Activity → Output exactly, and only, the lines below from the one with "De atlas, als" down to the one with "Hast du eigene". Include both end lines and no pictures.

Record set →

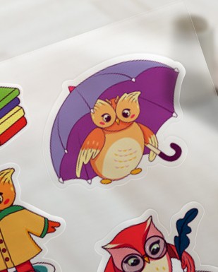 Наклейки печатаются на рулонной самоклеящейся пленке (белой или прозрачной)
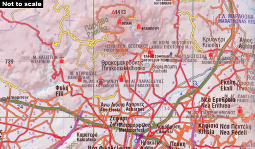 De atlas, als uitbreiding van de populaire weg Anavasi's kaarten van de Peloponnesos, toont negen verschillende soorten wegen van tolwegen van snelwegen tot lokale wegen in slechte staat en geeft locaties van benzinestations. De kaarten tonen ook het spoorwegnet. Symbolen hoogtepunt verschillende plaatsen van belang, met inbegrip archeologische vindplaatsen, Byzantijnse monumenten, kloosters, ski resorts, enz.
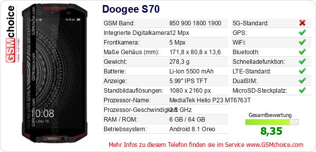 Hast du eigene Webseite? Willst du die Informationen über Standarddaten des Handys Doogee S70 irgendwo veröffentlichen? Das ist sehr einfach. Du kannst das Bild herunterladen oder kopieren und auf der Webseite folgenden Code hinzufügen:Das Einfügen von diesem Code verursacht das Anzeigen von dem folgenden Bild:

---

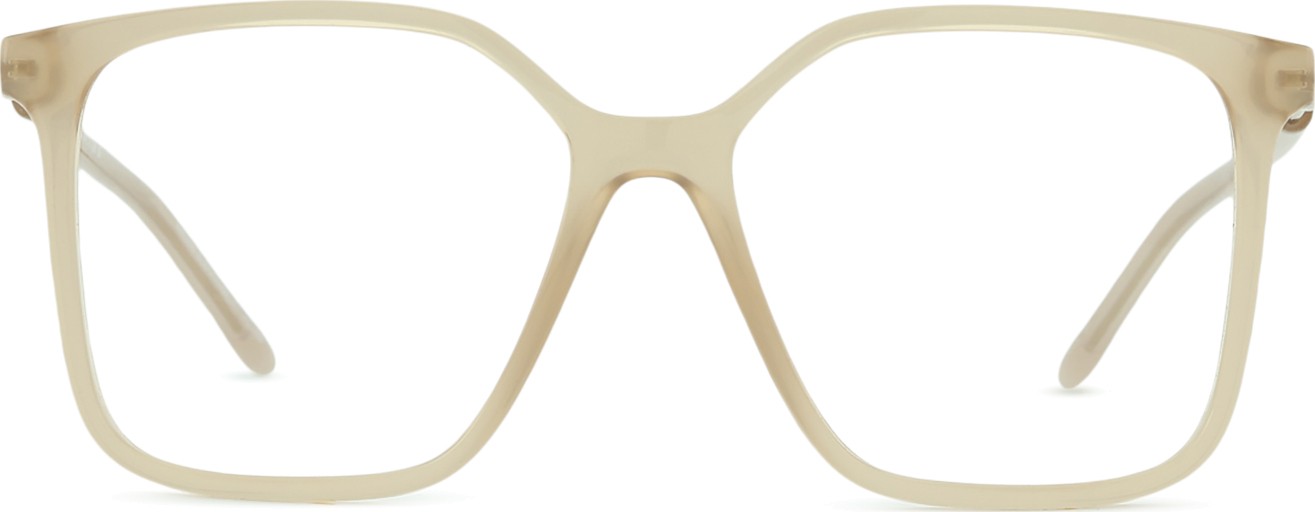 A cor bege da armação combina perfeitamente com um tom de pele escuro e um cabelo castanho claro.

Response →
 De atlas, als uitbreiding van de populaire weg Anavasi's kaarten van de Peloponnesos, toont negen verschillende soorten wegen van tolwegen van snelwegen tot lokale wegen in slechte staat en geeft locaties van benzinestations. De kaarten tonen ook het spoorwegnet. Symbolen hoogtepunt verschillende plaatsen van belang, met inbegrip archeologische vindplaatsen, Byzantijnse monumenten, kloosters, ski resorts, enz.
 Hast du eigene Webseite? Willst du die Informationen über Standarddaten des Handys Doogee S70 irgendwo veröffentlichen? Das ist sehr einfach. Du kannst das Bild herunterladen oder kopieren und auf der Webseite folgenden Code hinzufügen:Das Einfügen von diesem Code verursacht das Anzeigen von dem folgenden Bild:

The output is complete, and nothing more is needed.